The undersigned hereby grants to each such attorney-in-fact full power
and authority to do and perform any and every act and thing whatsoever
requisite, necessary, or proper to be done in the exercise of any of the rights
and powers herein granted, as fully to all intents and purposes as the
undersigned might or could do if personally present, with full power of
substitution or revocation, hereby ratifying and confirming all that such
attorneys-in-fact, or such attorneys-in-fact's substitute or substitutes, shall
lawfully do or cause to be done by virtue of this power of attorney and the
rights and powers herein granted.
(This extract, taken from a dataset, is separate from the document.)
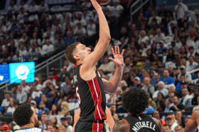 Orlando, Florida, USA, October 22, 2025, Miami Heat forward Nikola Jovic #5 attempt to score at the Kia Center. (Photo Credit: Marty Jean-Louis)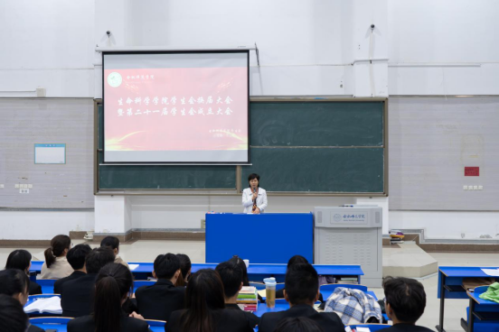 会议最后,郭桃芬发表总结讲话。她首先对同学们入选为必赢官网学生会干部表示热烈的祝贺。她指出学生会干部既是一种荣誉,更是一种责任。希望同学们坚持党的领导和团的指导,加强政治理论学习,提高思想境界,锤炼品德修为。其次,学生会成员来源于学生,代表学生,服务学生,要积极贯彻“自我教育,自我管理,自我服务”的“三自”工作理念,以服务为核心,务实创新;充分发挥模范带头、桥梁纽带、核心骨干三大作用;要有大局意识,各部门明确部门职责定位,有效分工,充分合作,做到分工不分家;学生会成员要正确处理好工作和学习、个人和团队、个人付出和荣誉获得的关系。同时,期待新一届的学生会传承上届学生会的优良作风和取得的成果,再接再厉,锐意进取,取得更加辉煌的成果。

The undersigned acknowledges that the
foregoing attorneys-in-fact, in serving in such capacity at the request of
the undersigned, are not assuming, nor is the Company assuming, any of the
undersigned's responsibilities to comply with Section 16 of the Securities
Exchange Act of 1934.
This Power of Attorney shall remain in full force and effect until
the undersigned is no longer required to file Forms 3, 4, and 5 with respect
to the undersigned's holdings of and transactions in securities issued by the
Company, unless earlier revoked by the undersigned in a signed writing
delivered to the foregoing attorneys-in-fact.
IN WITNESS WHEREOF, the undersigned has caused this Power of Attorney
to be executed as of this 31st day of January, 2014.